(Source material):
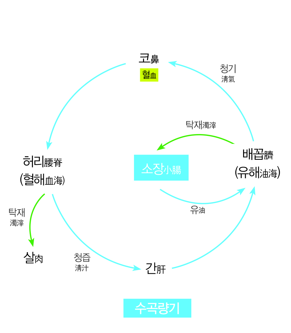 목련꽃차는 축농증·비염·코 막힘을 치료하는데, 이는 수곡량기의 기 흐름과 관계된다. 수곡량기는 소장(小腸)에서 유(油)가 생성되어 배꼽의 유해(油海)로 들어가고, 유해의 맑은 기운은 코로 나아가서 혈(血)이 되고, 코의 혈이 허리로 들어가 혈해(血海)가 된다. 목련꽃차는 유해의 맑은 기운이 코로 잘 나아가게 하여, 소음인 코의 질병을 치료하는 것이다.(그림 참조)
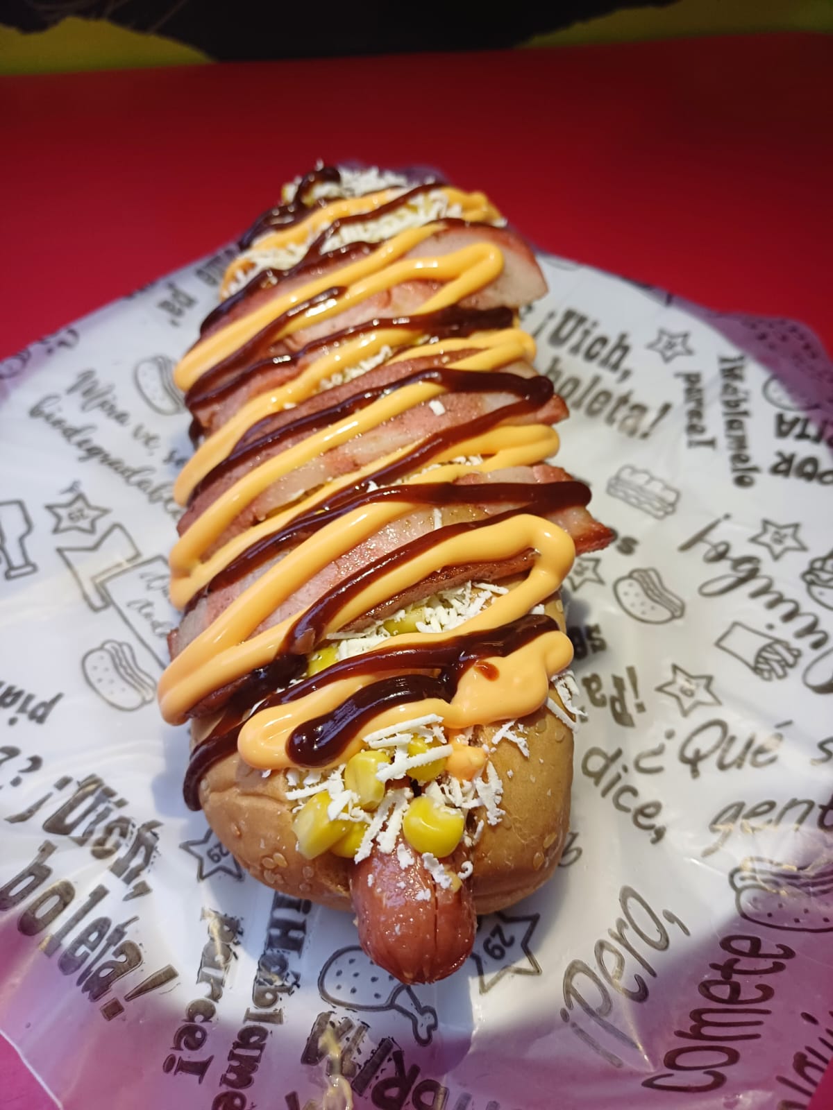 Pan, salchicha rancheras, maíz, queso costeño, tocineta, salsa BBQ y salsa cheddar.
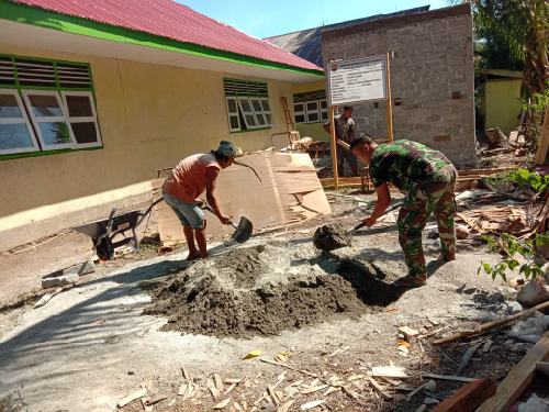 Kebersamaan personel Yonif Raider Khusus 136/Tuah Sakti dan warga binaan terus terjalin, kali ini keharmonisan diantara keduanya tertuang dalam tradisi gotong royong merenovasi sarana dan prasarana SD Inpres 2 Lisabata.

(Your goal): Transcribe exactly the line containing "Pan, salchicha rancheras, maíz, queso" and every line after it through the end of the listing above; pictures are not part of the copy.

(Answer):
 Pan, salchicha rancheras, maíz, queso costeño, tocineta, salsa BBQ y salsa cheddar.
 Kebersamaan personel Yonif Raider Khusus 136/Tuah Sakti dan warga binaan terus terjalin, kali ini keharmonisan diantara keduanya tertuang dalam tradisi gotong royong merenovasi sarana dan prasarana SD Inpres 2 Lisabata.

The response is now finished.